Jessica Gorr

Data Management Assignment: Penguin Dataset

Data Management

This dataset “penguin.csv” contains multiple variables about penguins such as: species, location, and various measurement. Not all the data is complete so before analyzing any data, it is important to clean up and arrange the data in a useful way.

The following code chunk deletes any cases that have missing values.

dataCleaned <- data[complete.cases(data),]

The next code chunk will sort out and include only the penguins with the following conditions: 1. Include Adelie penguins and Gentoo penguins from the Biscoe and Torgersen islands. 2. Include only penguins with body_mass_g less than 5000 grams but more than 3500 grams. 3. Rescale body_mass_g by dividing 4000 and rename it as BMI = body_mass_g / 4000. 4. Exclude variables X(observation ID), sex, year, and body_mass_g from the above subset.

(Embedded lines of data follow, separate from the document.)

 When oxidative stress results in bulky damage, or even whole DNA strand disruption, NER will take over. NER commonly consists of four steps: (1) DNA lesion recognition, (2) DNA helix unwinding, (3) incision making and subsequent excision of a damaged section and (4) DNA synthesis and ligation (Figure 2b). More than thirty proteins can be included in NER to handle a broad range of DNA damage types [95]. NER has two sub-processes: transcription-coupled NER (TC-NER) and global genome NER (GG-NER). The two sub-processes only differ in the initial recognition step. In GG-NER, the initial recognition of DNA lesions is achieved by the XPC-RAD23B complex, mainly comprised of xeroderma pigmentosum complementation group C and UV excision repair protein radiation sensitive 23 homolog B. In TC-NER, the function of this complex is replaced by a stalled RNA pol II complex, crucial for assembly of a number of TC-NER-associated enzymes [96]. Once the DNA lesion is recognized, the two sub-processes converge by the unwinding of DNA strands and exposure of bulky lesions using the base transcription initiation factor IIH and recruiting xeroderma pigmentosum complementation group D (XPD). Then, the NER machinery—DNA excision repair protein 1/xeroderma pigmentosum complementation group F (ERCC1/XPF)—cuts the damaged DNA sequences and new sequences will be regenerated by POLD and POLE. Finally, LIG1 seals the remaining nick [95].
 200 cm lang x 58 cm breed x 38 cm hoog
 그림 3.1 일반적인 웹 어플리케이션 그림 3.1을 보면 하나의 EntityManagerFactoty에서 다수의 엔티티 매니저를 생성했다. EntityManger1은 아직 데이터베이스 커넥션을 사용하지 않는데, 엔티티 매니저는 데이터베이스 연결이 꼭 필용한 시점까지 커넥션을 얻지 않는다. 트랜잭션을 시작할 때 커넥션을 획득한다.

dataFiltered <- dataCleaned %>%
              filter((species == "Adelie" | species =="Gentoo") & (island == "Biscoe" | island == "Torgersen") )%>%
  mutate(BMI = body_mass_g/4000)%>% 
             filter(body_mass_g < 5000 & body_mass_g > 3500)%>%
  dplyr::select(-X,-sex,-year,-body_mass_g)

Scatterplot

Now a simple scatter-plot made with the plot() function featuring the two variables Bill_length_mm and Flipper_length_mm from the penguins data set. Since the data is sub setted from the original, there are now less observations

library(jpeg)
pen.img <- "https://jessgorr01.github.io/jGorrCV/wk3/penguin.jpeg"
my.pen <- readJPEG(getURLContent(pen.img))
raster.pen <- as.raster(my.pen) 


# Use the code in the precious section
flipper.length = dataFiltered$flipper_length_mm
Bill.length = dataFiltered$bill_length_mm
species = dataFiltered$species
size.body = dataFiltered$BMI
## identifying the ID of penguin
Adelie.id = which(species=="Adelie")  
Gentoo.id = which(species=="Gentoo")
## color code
 #col.code = c(alpha("red",0.5),alpha("blue",0.5),alpha("cyan",0.5))
## making an empty plot: type = "n" ==> no point
plot(Bill.length, flipper.length, main = "Relationship of Flipper and Bill Length Amounst all Species of Penguins", type = "n",  xlab="Bill Length (mm)", ylab="Flipper Length (mm)")
## change the point size based on their BMI
points(Bill.length[Adelie.id], flipper.length[Adelie.id], 
       pch = 19, col = "purple", cex = size.body[Adelie.id])
points(Bill.length[Gentoo.id], flipper.length[Gentoo.id], 
       pch = 18, col = "navy", cex = size.body[Gentoo.id])
legend("topleft", c("Adelie", "Gentoo"), 
                  col=c("purple", "navy"),
                  pch=c(19, 18))

abline(lm(flipper.length[Adelie.id]~ Bill.length[Adelie.id]), col = "purple")
abline(lm(flipper.length[Gentoo.id]~ Bill.length[Gentoo.id]), col = "navy")


## various annotations
#specify the position of the image through bottom-left and top-right coords
rasterImage(my.pen, 
            xleft=36, xright=40, 
            ybottom=205, ytop=222)

## Analysis

When looking at the graph between flipper length and bill length there seems to be a strong positive linear relationship between the two variables. When looking at each individual species, there seems to be a stronger linear relationship between bill length and flipper length among the Adelie species. This can be seem by looking at the purple regression line, compared to the blue regression line for the Gentoo species. But, The Gentoo species have larger bill and flipper length compared to the Adelie species.